§ **DIRECTIONS FOR THIS TASK**:
Copy every record below, exactly as written.
/---
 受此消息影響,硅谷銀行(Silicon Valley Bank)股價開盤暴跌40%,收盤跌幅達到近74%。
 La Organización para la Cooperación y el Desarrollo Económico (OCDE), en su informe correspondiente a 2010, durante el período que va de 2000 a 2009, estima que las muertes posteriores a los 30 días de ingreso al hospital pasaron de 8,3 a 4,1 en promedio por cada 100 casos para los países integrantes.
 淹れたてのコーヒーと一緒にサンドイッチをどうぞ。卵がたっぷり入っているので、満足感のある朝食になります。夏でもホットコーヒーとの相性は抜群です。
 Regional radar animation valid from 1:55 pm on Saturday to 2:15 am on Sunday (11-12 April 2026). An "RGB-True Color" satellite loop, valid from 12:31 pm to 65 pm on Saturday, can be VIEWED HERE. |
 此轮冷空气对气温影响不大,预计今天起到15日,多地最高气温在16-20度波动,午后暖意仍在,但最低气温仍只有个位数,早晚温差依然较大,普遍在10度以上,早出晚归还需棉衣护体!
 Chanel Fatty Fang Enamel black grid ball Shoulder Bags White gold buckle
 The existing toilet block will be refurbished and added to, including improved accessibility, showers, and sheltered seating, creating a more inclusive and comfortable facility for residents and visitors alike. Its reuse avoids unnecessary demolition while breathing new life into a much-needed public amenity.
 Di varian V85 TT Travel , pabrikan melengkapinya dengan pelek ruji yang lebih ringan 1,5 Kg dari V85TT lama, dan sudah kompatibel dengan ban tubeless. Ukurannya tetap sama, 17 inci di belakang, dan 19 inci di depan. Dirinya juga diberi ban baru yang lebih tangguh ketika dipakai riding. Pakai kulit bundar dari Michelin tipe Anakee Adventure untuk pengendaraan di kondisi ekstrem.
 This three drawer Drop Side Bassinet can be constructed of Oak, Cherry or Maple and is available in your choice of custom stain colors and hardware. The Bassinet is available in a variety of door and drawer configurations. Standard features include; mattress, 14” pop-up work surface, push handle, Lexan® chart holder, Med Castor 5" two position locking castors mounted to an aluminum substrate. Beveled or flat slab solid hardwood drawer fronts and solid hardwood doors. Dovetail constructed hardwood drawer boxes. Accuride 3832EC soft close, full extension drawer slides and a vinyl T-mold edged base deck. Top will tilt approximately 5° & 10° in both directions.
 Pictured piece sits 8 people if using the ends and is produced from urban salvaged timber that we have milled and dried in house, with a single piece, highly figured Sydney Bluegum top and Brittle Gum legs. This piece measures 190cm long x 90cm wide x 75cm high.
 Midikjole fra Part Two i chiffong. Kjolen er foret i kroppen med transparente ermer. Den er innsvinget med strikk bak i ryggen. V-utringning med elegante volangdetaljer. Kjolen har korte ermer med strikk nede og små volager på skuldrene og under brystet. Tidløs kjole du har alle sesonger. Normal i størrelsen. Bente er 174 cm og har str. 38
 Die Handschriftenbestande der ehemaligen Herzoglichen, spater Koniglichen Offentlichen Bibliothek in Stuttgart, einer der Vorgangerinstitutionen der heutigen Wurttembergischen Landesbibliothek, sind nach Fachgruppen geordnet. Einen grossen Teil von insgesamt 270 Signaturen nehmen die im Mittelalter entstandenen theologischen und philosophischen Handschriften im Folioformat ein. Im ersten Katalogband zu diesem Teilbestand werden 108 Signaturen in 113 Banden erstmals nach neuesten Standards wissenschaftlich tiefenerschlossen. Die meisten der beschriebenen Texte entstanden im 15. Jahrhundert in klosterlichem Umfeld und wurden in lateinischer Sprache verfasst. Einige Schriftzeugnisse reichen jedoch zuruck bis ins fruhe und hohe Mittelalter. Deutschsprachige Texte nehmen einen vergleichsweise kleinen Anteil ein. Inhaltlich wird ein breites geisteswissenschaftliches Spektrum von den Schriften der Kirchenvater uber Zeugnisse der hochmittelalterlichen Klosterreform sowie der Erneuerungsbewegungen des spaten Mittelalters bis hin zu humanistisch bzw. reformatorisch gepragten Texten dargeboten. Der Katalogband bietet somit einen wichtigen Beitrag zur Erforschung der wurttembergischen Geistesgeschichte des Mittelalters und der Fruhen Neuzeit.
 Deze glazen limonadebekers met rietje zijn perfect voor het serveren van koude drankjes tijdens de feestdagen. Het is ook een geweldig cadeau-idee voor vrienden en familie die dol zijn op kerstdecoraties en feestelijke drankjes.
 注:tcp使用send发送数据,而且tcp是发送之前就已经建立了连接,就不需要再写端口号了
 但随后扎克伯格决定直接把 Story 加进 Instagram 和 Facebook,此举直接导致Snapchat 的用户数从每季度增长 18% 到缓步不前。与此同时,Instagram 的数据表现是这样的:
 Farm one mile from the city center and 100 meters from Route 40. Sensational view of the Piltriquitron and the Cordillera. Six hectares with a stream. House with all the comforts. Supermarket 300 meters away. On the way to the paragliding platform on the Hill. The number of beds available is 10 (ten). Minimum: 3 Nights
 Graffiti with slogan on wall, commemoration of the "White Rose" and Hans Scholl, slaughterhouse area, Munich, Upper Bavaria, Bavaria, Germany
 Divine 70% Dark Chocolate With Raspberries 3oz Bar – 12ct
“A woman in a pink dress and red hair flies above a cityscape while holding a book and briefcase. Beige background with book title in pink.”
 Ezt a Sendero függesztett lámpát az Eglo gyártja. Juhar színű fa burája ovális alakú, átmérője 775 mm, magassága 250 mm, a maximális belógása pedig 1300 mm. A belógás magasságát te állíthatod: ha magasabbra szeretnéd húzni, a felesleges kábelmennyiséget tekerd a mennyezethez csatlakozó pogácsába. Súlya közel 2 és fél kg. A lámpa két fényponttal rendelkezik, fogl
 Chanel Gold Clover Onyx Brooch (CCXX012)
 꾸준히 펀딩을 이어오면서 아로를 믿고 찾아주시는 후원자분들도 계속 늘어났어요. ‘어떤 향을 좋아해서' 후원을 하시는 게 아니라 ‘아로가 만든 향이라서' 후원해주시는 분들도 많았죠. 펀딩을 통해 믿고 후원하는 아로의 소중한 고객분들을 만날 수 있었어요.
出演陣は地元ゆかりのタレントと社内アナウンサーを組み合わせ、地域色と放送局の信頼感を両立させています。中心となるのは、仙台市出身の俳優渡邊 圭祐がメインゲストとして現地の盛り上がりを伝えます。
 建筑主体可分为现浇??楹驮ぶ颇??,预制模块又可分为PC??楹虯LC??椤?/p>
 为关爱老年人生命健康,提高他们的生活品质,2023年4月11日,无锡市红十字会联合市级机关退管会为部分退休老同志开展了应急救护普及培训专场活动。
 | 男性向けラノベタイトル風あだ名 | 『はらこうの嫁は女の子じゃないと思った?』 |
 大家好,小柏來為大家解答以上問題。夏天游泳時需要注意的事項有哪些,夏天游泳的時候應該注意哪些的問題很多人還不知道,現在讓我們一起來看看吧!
\---
§ **TASK RESPONSE**:
 受此消息影響,硅谷銀行(Silicon Valley Bank)股價開盤暴跌40%,收盤跌幅達到近74%。
 La Organización para la Cooperación y el Desarrollo Económico (OCDE), en su informe correspondiente a 2010, durante el período que va de 2000 a 2009, estima que las muertes posteriores a los 30 días de ingreso al hospital pasaron de 8,3 a 4,1 en promedio por cada 100 casos para los países integrantes.
 淹れたてのコーヒーと一緒にサンドイッチをどうぞ。卵がたっぷり入っているので、満足感のある朝食になります。夏でもホットコーヒーとの相性は抜群です。
 Regional radar animation valid from 1:55 pm on Saturday to 2:15 am on Sunday (11-12 April 2026). An "RGB-True Color" satellite loop, valid from 12:31 pm to 65 pm on Saturday, can be VIEWED HERE. |
 此轮冷空气对气温影响不大,预计今天起到15日,多地最高气温在16-20度波动,午后暖意仍在,但最低气温仍只有个位数,早晚温差依然较大,普遍在10度以上,早出晚归还需棉衣护体!
 Chanel Fatty Fang Enamel black grid ball Shoulder Bags White gold buckle
 The existing toilet block will be refurbished and added to, including improved accessibility, showers, and sheltered seating, creating a more inclusive and comfortable facility for residents and visitors alike. Its reuse avoids unnecessary demolition while breathing new life into a much-needed public amenity.
 Di varian V85 TT Travel , pabrikan melengkapinya dengan pelek ruji yang lebih ringan 1,5 Kg dari V85TT lama, dan sudah kompatibel dengan ban tubeless. Ukurannya tetap sama, 17 inci di belakang, dan 19 inci di depan. Dirinya juga diberi ban baru yang lebih tangguh ketika dipakai riding. Pakai kulit bundar dari Michelin tipe Anakee Adventure untuk pengendaraan di kondisi ekstrem.
 This three drawer Drop Side Bassinet can be constructed of Oak, Cherry or Maple and is available in your choice of custom stain colors and hardware. The Bassinet is available in a variety of door and drawer configurations. Standard features include; mattress, 14” pop-up work surface, push handle, Lexan® chart holder, Med Castor 5" two position locking castors mounted to an aluminum substrate. Beveled or flat slab solid hardwood drawer fronts and solid hardwood doors. Dovetail constructed hardwood drawer boxes. Accuride 3832EC soft close, full extension drawer slides and a vinyl T-mold edged base deck. Top will tilt approximately 5° & 10° in both directions.
 Pictured piece sits 8 people if using the ends and is produced from urban salvaged timber that we have milled and dried in house, with a single piece, highly figured Sydney Bluegum top and Brittle Gum legs. This piece measures 190cm long x 90cm wide x 75cm high.
 Midikjole fra Part Two i chiffong. Kjolen er foret i kroppen med transparente ermer. Den er innsvinget med strikk bak i ryggen. V-utringning med elegante volangdetaljer. Kjolen har korte ermer med strikk nede og små volager på skuldrene og under brystet. Tidløs kjole du har alle sesonger. Normal i størrelsen. Bente er 174 cm og har str. 38
 Die Handschriftenbestande der ehemaligen Herzoglichen, spater Koniglichen Offentlichen Bibliothek in Stuttgart, einer der Vorgangerinstitutionen der heutigen Wurttembergischen Landesbibliothek, sind nach Fachgruppen geordnet. Einen grossen Teil von insgesamt 270 Signaturen nehmen die im Mittelalter entstandenen theologischen und philosophischen Handschriften im Folioformat ein. Im ersten Katalogband zu diesem Teilbestand werden 108 Signaturen in 113 Banden erstmals nach neuesten Standards wissenschaftlich tiefenerschlossen. Die meisten der beschriebenen Texte entstanden im 15. Jahrhundert in klosterlichem Umfeld und wurden in lateinischer Sprache verfasst. Einige Schriftzeugnisse reichen jedoch zuruck bis ins fruhe und hohe Mittelalter. Deutschsprachige Texte nehmen einen vergleichsweise kleinen Anteil ein. Inhaltlich wird ein breites geisteswissenschaftliches Spektrum von den Schriften der Kirchenvater uber Zeugnisse der hochmittelalterlichen Klosterreform sowie der Erneuerungsbewegungen des spaten Mittelalters bis hin zu humanistisch bzw. reformatorisch gepragten Texten dargeboten. Der Katalogband bietet somit einen wichtigen Beitrag zur Erforschung der wurttembergischen Geistesgeschichte des Mittelalters und der Fruhen Neuzeit.
 Deze glazen limonadebekers met rietje zijn perfect voor het serveren van koude drankjes tijdens de feestdagen. Het is ook een geweldig cadeau-idee voor vrienden en familie die dol zijn op kerstdecoraties en feestelijke drankjes.
 注:tcp使用send发送数据,而且tcp是发送之前就已经建立了连接,就不需要再写端口号了
 但随后扎克伯格决定直接把 Story 加进 Instagram 和 Facebook,此举直接导致Snapchat 的用户数从每季度增长 18% 到缓步不前。与此同时,Instagram 的数据表现是这样的:
 Farm one mile from the city center and 100 meters from Route 40. Sensational view of the Piltriquitron and the Cordillera. Six hectares with a stream. House with all the comforts. Supermarket 300 meters away. On the way to the paragliding platform on the Hill. The number of beds available is 10 (ten). Minimum: 3 Nights
 Graffiti with slogan on wall, commemoration of the "White Rose" and Hans Scholl, slaughterhouse area, Munich, Upper Bavaria, Bavaria, Germany
 Divine 70% Dark Chocolate With Raspberries 3oz Bar – 12ct
“A woman in a pink dress and red hair flies above a cityscape while holding a book and briefcase. Beige background with book title in pink.”
 Ezt a Sendero függesztett lámpát az Eglo gyártja. Juhar színű fa burája ovális alakú, átmérője 775 mm, magassága 250 mm, a maximális belógása pedig 1300 mm. A belógás magasságát te állíthatod: ha magasabbra szeretnéd húzni, a felesleges kábelmennyiséget tekerd a mennyezethez csatlakozó pogácsába. Súlya közel 2 és fél kg. A lámpa két fényponttal rendelkezik, fogl
 Chanel Gold Clover Onyx Brooch (CCXX012)
 꾸준히 펀딩을 이어오면서 아로를 믿고 찾아주시는 후원자분들도 계속 늘어났어요. ‘어떤 향을 좋아해서' 후원을 하시는 게 아니라 ‘아로가 만든 향이라서' 후원해주시는 분들도 많았죠. 펀딩을 통해 믿고 후원하는 아로의 소중한 고객분들을 만날 수 있었어요.
出演陣は地元ゆかりのタレントと社内アナウンサーを組み合わせ、地域色と放送局の信頼感を両立させています。中心となるのは、仙台市出身の俳優渡邊 圭祐がメインゲストとして現地の盛り上がりを伝えます。
 建筑主体可分为现浇??楹驮ぶ颇??,预制模块又可分为PC??楹虯LC??椤?/p>
 为关爱老年人生命健康,提高他们的生活品质,2023年4月11日,无锡市红十字会联合市级机关退管会为部分退休老同志开展了应急救护普及培训专场活动。
 | 男性向けラノベタイトル風あだ名 | 『はらこうの嫁は女の子じゃないと思った?』 |
 大家好,小柏來為大家解答以上問題。夏天游泳時需要注意的事項有哪些,夏天游泳的時候應該注意哪些的問題很多人還不知道,現在讓我們一起來看看吧!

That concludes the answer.